Note: Percentages reported for each characteristic are based on the denominator for all hypertensives within that column; i.e., treated vs. untreated; uncontrolled vs. controlled.

*Significant difference (P < 0.05) observed between those treated and those not treated.

¥Significant difference (P < 0.05) observed between those with uncontrolled and controlled BP among treated hypertensive participants.

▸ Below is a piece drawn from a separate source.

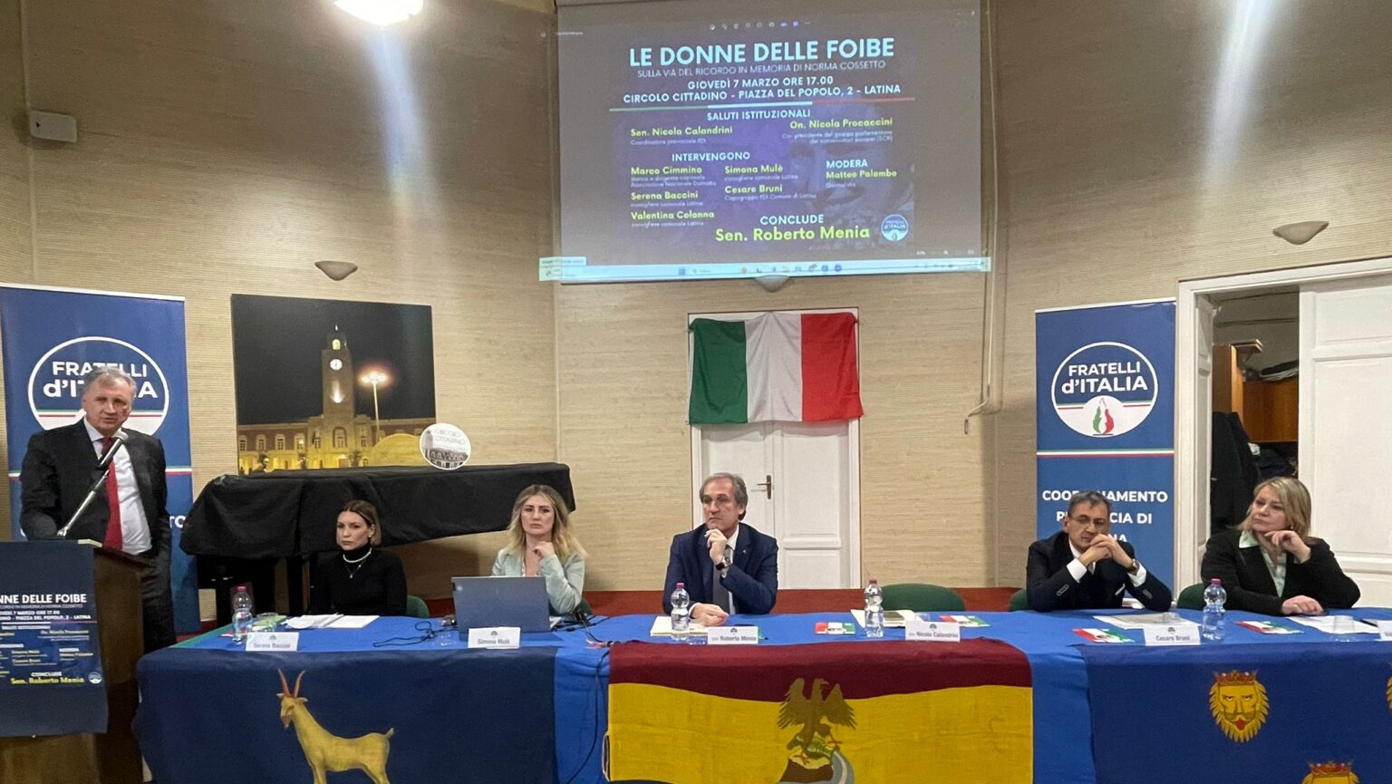 “Vorrei ringraziare chi ha avuto l’intuizione di organizzare questo incontro, ossia le consigliere comunali di Fratelli d’Italia e il capogruppo Cesare Bruni. Soprattutto però voglio rimarcare il mio orgoglio nell’avere potuto ospitare qui a Latina il mio collega, il Senatore Roberto Menia, il cui impegno su questa fase tragica della nostra storia non ha eguali. E’ stato grazie a lui che, nel 2004, è stato istituito il Giorno del Ricordo, che ci permette ogni anno di commemorare questa tragedia. Diversi passi in avanti, verso la verità storica, sono stati fatti anche durante questa prima fase di legislatura: penso ad esempio al disegno di legge, fortemente voluto dal Ministro Sangiuliano e ora in discussione alla Camera, che porterà all’istituzione del museo delle Foibe. C’è ancora una macchia, tuttavia, che pesa come un macigno sulla nostra Nazione, ossia l’onorificenza di gran cavaliere della Repubblica con cui è stato insignito il maresciallo comunista Tito. Un’onta contro la quale mi auguro fortemente si possa prima o poi trovare la convergenza politica utile alla sua revoca. Perché spero ormai sia chiaro a tutti che quella delle foibe non è una tragedia di parte, è una tragedia italiana”. Questo un passaggio del saluto istituzionale del Senatore Nicola Calandrini, coordinatore provinciale di Fratelli d’Italia Latina, che ha aperto il convegno dal titolo “Le Donne delle Foibe”.

Grip strength (average 3 readings, dominant hand) “Normal” if male ≥31.83 kg and female ≥19.99 kg; “intermediate” if male: ≥25.99 and <31.83 kg and female: ≥15.92 kg and <19.99 kg; and “weak” if male <25.99 kg and female <15.92 kg.

RESULTS

Overall, 74% (14,213/19,114) of the ASPREE study participants (Australia, 75% and US, 70%) met the criteria for hypertension (BP ≥140/90 mm Hg and/or on BP lowering medication) based on first baseline visit BP. The characteristics of the 19,114 ASPREE participants at baseline have been published previously.10 In brief, participants identified as hypertensive were older and more commonly men, had higher body mass index, higher comorbidities/risk factors such as a family history of CVD (either stroke or heart attack), hypercholesterolemia, diabetes, and reduced renal function, compared to those who were normotensive. In contrast, normotensive participants were more likely to be White/Caucasian, current drinkers or physically active compared to those hypertensives (see Supplementary Table S1 online).

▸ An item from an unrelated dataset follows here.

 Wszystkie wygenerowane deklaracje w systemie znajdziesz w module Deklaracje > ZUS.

Of those meeting criteria for hypertension, 71% (Australia 70% and US 78%) were receiving an antihypertensive at baseline, while 29% (4,151/14,213) of participants were not receiving antihypertensives but had a BP ≥140/90 mm Hg. Among individuals treated with at least one antihypertensive at baseline, 47% (4,732/10,062) (Australia 46% and US 57%) had controlled BP (SBP <140 and DBP <90 mm Hg).

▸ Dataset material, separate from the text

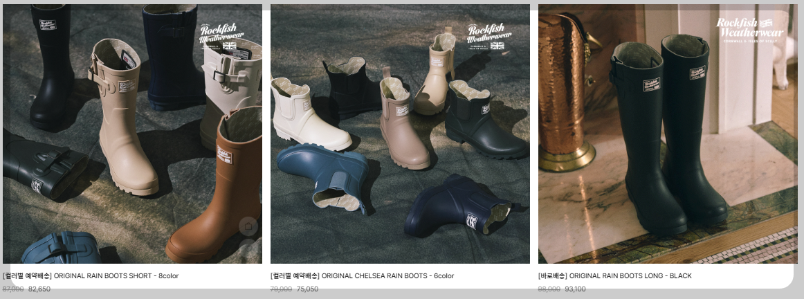 락피쉬(Rockfish) 역시 영국브랜드에요. 그러나 가격은 헌터의 절반정도이네요. 헌터를 보다가 락피쉬를 보니 그래도 저렴하게 느껴집니다만 10만원대 안팎으로 여전히 비싼 건 마찬가지죠.

Characteristics of the hypertensive population by treatment and BP control status

The baseline characteristics of all hypertensive participants and their distribution across several categories are summarized in Table 1. As expected, the mean BP (SBP/DBP) in those treated was lower than in untreated hypertensives (141 ± 17/77 ± 10 mm Hg vs. 152 ± 10/83 ± 9 mm Hg, respectively). Similar rates of treated vs. untreated were observed across quintiles of age groupings, with the exception of those aged 65–69 years (exclusively minorities from the US) where rates of treated were higher than untreated. Overall, treated participants were slightly older, had higher presence of other comorbidities/risk factors such as a family history of CVD (either stroke or heart attack), obesity, hypercholesterolemia, diabetes, reduced renal function, depression, and/or were taking aspirin prior to entry into the trial compared to those who were not treated. Those participants who were treated also had weaker grip strength and more commonly reported difficulty in walking a distance of one mile (i.e., 1.6 km). In contrast, higher rates of untreated (vs. treated) were observed for men, those born overseas, and/or current drinkers at baseline. Figure 2a shows the percentages of untreated hypertensives by gender for age and ethnicity groups. In general, the prevalence of untreated hypertensives was higher in men compared to women across all age groupings, except for the age group 65–69 years and 85+ years. A higher prevalence of untreated hypertension was observed among White and Black men participants than women.

Figure 2.

Figure 2.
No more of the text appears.